■ **EXERCISE BRIEF**:
Taking the data below, please print only the lines from the line holding "Maglia collezione Actitude" to the line holding "Your message was", inclusive, with pictures omitted.

■ **DATA TO EXAMINE**:
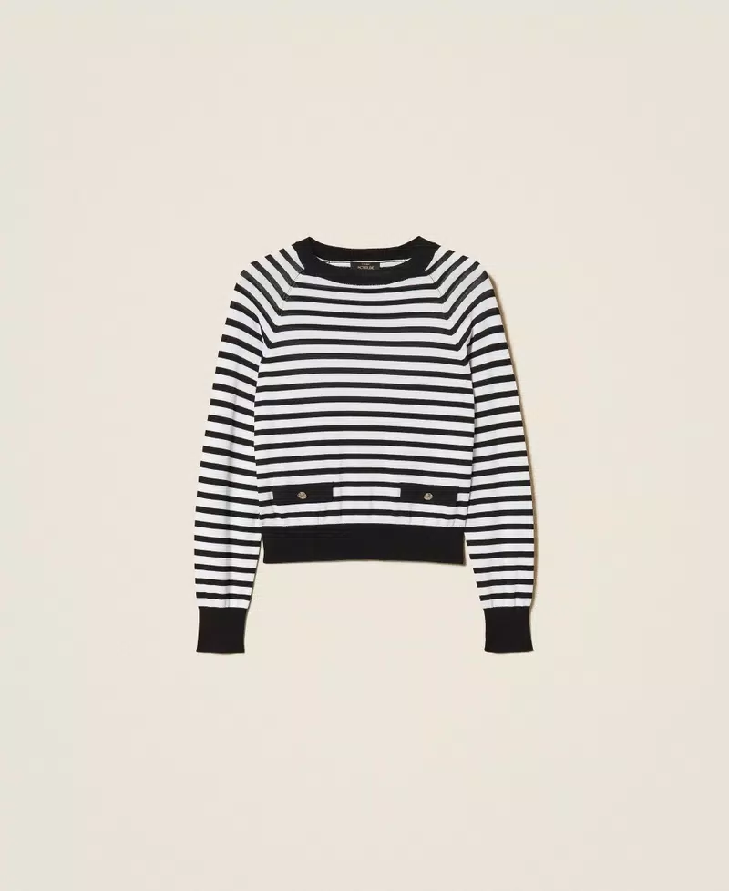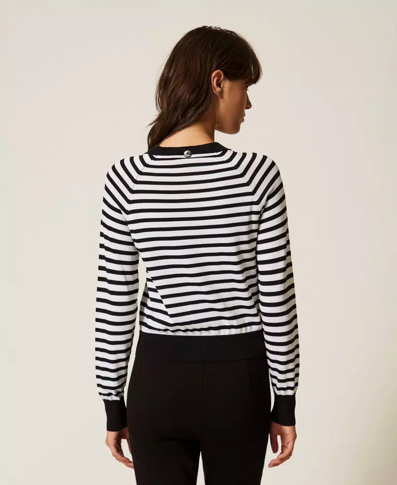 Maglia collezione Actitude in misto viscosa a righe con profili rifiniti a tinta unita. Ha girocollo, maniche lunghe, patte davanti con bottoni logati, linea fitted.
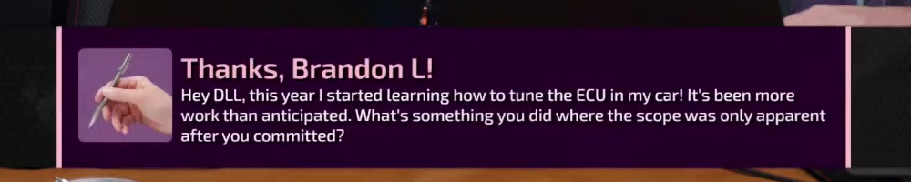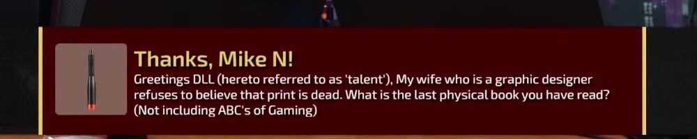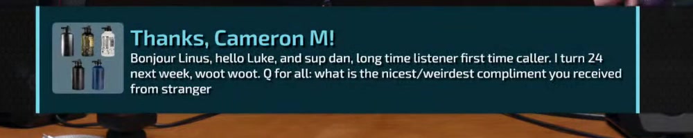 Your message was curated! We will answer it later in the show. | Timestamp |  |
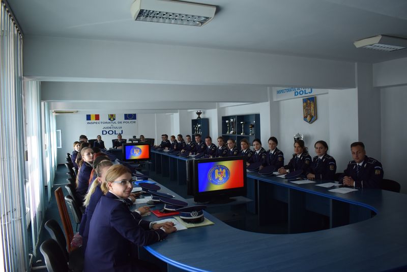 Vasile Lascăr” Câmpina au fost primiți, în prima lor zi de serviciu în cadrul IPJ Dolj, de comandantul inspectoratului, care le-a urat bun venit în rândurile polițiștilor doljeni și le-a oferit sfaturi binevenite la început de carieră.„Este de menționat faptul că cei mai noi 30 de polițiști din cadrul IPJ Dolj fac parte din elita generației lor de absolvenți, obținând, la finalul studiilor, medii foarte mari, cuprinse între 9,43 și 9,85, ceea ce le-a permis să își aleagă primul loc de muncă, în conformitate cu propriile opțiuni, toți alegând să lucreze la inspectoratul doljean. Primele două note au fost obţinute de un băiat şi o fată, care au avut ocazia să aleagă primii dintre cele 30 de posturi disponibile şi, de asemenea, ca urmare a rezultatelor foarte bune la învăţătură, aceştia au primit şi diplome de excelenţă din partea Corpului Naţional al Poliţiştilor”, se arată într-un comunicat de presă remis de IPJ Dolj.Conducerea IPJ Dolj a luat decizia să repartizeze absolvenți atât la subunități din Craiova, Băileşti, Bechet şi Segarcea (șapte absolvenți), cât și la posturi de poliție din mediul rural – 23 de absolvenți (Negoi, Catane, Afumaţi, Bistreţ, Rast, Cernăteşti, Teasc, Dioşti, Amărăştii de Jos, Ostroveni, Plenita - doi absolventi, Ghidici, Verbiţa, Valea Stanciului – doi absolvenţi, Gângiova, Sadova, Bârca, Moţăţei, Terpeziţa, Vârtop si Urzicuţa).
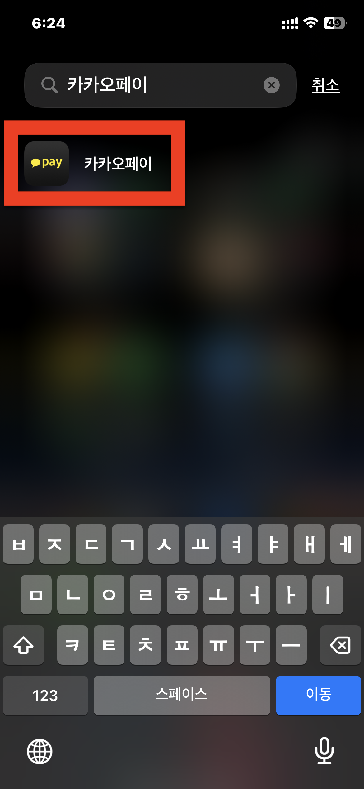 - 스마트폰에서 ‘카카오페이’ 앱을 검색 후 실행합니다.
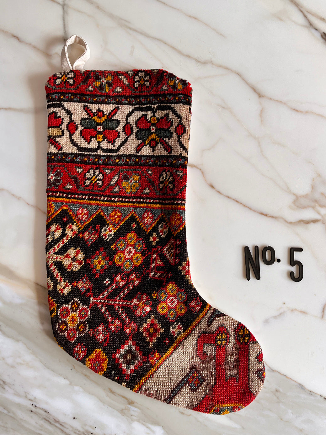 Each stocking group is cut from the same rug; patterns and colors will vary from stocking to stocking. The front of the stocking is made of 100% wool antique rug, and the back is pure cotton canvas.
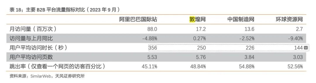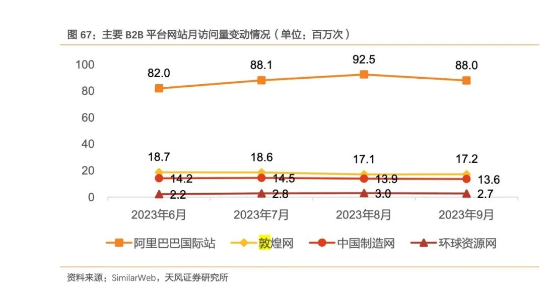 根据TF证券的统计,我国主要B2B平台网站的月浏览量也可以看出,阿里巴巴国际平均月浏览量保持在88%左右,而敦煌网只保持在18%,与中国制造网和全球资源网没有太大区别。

---

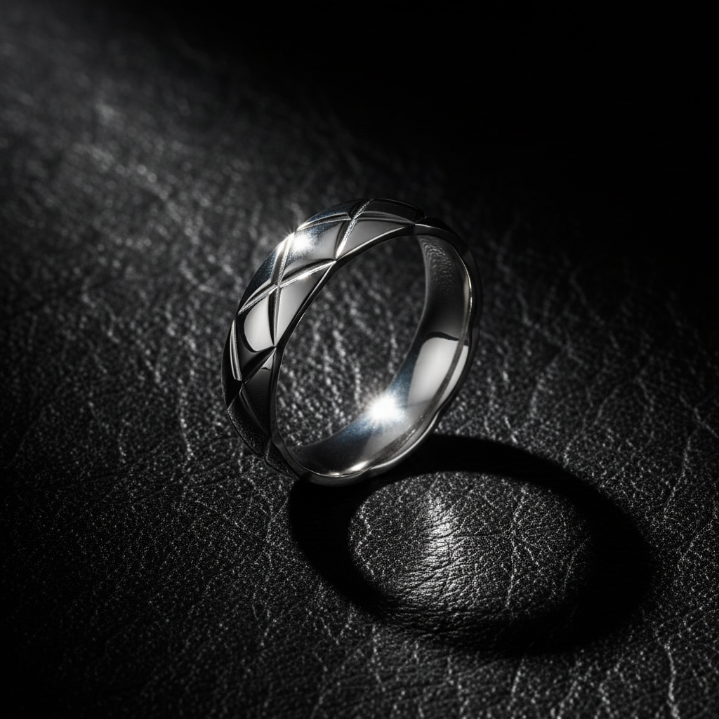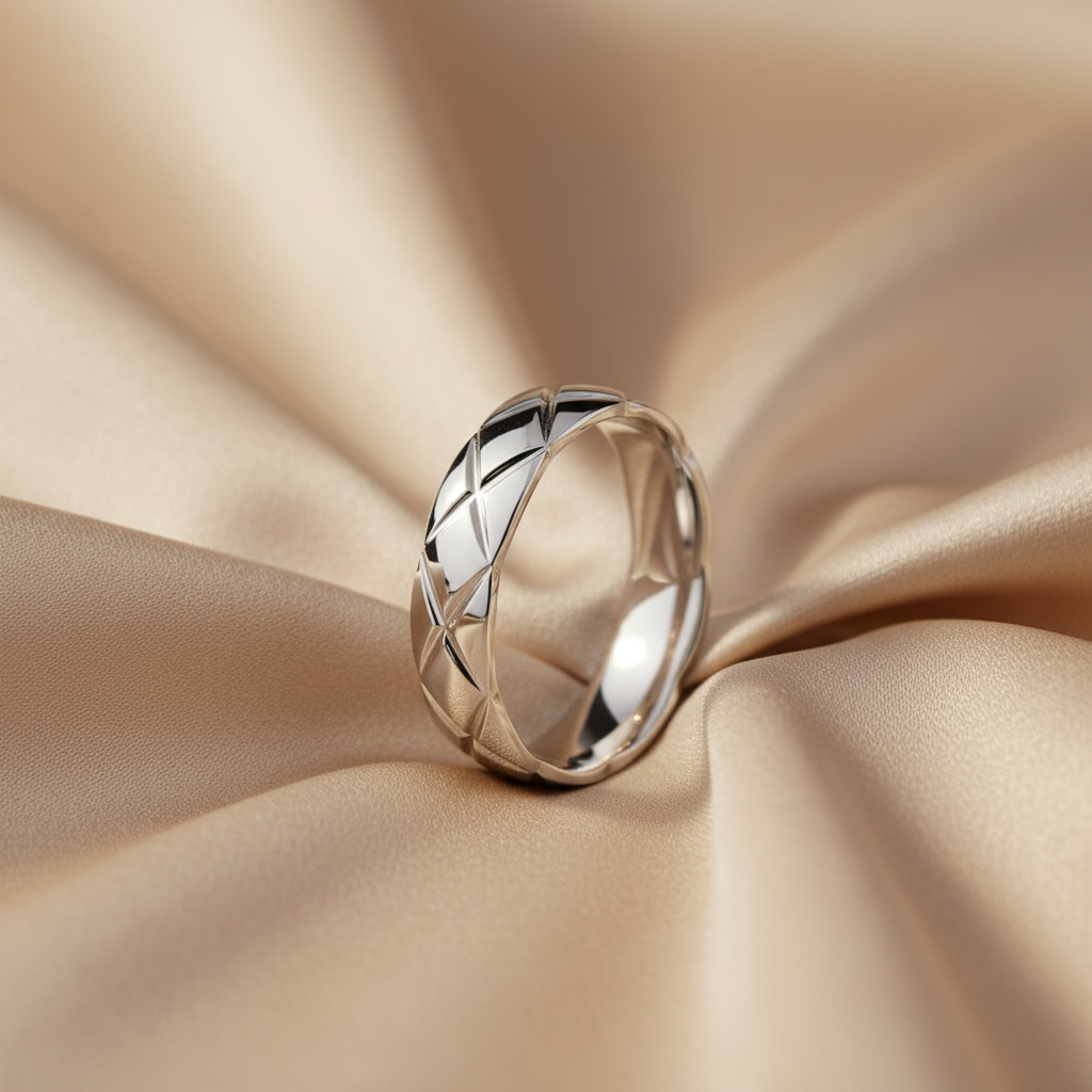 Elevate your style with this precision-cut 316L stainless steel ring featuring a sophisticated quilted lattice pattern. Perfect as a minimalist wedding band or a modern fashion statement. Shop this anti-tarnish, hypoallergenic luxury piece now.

■ **RESPONSE**:
 Maglia collezione Actitude in misto viscosa a righe con profili rifiniti a tinta unita. Ha girocollo, maniche lunghe, patte davanti con bottoni logati, linea fitted.
 Your message was curated! We will answer it later in the show. | Timestamp |  |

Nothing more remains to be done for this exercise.